Note : I don't want to replace std::vector<bool> by something other.

Caduchon
  • 4,574
  • 4
  • 26
  • 67
  • Even if you are already using `std::vector` elsewhere in the code, I strongly suggest you move to something like `std::bitset` or `boost::dynamic_bitset` and use their `to_string` functionality, or their `ostream` overloads of `operator<<`. – rubenvb Apr 14 '15 at 09:29
  • `to_string` for a binary storage ? Really ? ^^ – Caduchon Apr 14 '15 at 09:31
  • 1
    Right, not my smartest comment ;). Still, after looking up the functionality of std::bitset, that seems like the only way to go (bitset->string->integer of some kind). That, or fetching the bits one by one. I'm curious which would be faster... Hmm on second thought, just stick with `std::vector` (see e.g. [this question](http://stackoverflow.com/a/13504640/256138)) – rubenvb Apr 14 '15 at 09:48
  • Make data persistent is the job of a serializer.

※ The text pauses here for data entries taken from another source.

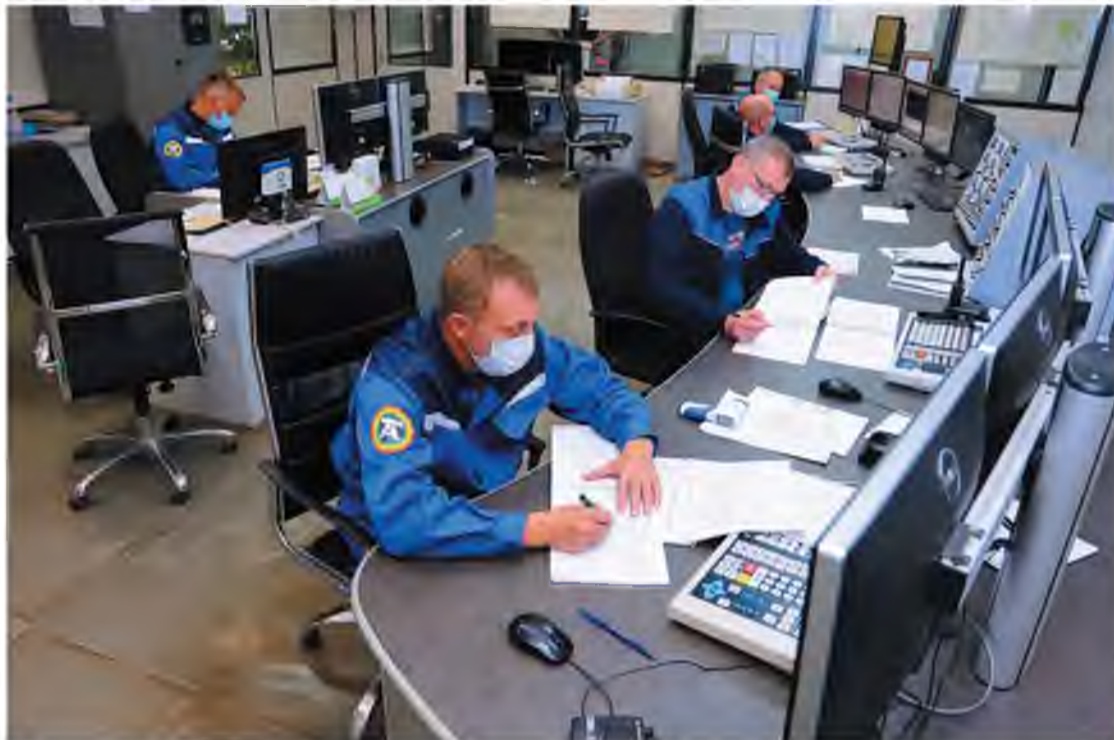
На ЦПУ все работают в масках и на расстоянии
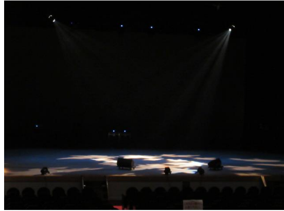
照明の説明(カッターライト)
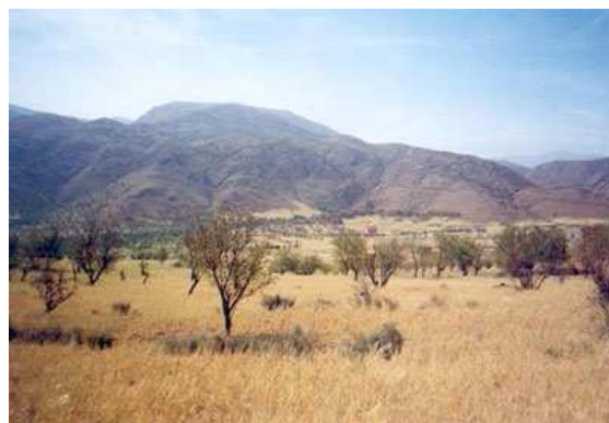
Obr.5. Pohled na typickou oblast savany.

Savany jsou travnaté porosty s roztroušenými lesíky a jednotlivými stromy (akácie, baobaby..). Pásmo savan je bohatě zastoupeno živočišnými druhy jako jsou zebry, žirafy, lev, antilopy, sloni, nosorožci, levharti, hroši, buvoli, aj.
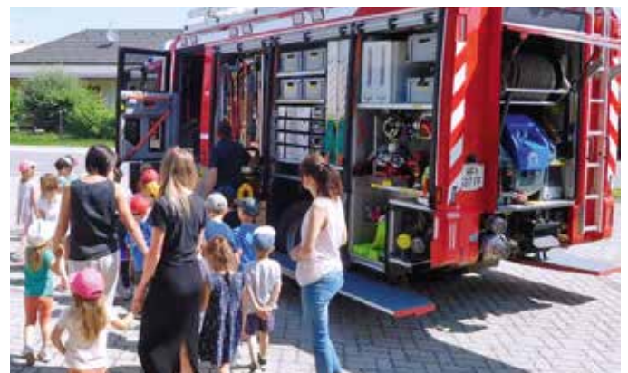
Große Begeisterung bei den KG-Kindern

Am Freitag, dem 16. Juni 2023, stattete der Kindergarten Bad Loipersdorf der Feuerwehr einen Besuch ab. Im Laufe des Vormittages wurden den Kindern die Aufgabengebiete sowie die Ausrüstung der Feuerwehr nähergebracht. Mit voller Begeisterung wurden unter anderem die Fahrzeuge, die Atemschutzgeräte sowie die Schutzbekleidung begutachtet. Auch das Element Wasser kam mit einer Zielspritzübung nicht zu kurz. Abgeschlossen wurde der Vormittag mit der Übergabe, der von den Kindern extra für die Feuerwehr gezeichneten Bildern.

No need to handcraft that. – Klaus Jun 03 '19 at 11:19
  • @Klaus: write a serializer with specific needs is my job. I don't need judgment on the relevance of the question. I need solutions. ;-) – Caduchon Jun 04 '19 at 08:26
  • in first [comment](https://stackoverflow.com/a/6485519/8428146) of this answer, as pointted out by that user **vector doesn't have a contiguous memory storage of bools)** – Y00 Oct 14 '19 at 23:23

2 Answers2

3

Answering my own question, currently validated as the best answer, but it can change if someone provides somthing better.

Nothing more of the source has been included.